**Supplied data**

⟨

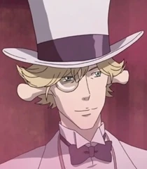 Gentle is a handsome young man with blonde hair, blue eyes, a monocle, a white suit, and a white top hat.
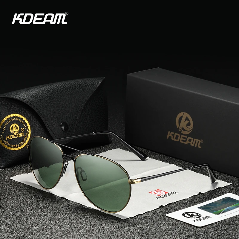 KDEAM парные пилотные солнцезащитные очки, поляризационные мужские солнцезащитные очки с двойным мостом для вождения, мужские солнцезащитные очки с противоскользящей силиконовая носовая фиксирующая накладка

⟩
⟨

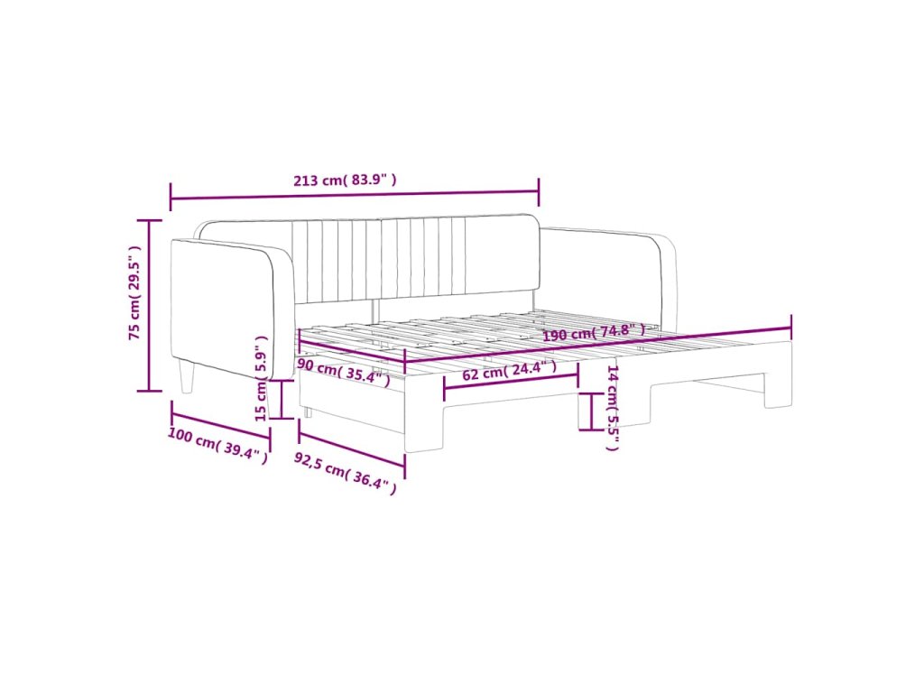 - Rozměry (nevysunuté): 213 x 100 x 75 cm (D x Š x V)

⟩

**Task brief**
Starting at the line that contains "Gentle is a" and ending at the line that contains "KDEAM парные пилотные", transcribe the material above exactly, excluding pictures.

**Solution to the problem**
 Gentle is a handsome young man with blonde hair, blue eyes, a monocle, a white suit, and a white top hat.
 KDEAM парные пилотные солнцезащитные очки, поляризационные мужские солнцезащитные очки с двойным мостом для вождения, мужские солнцезащитные очки с противоскользящей силиконовая носовая фиксирующая накладка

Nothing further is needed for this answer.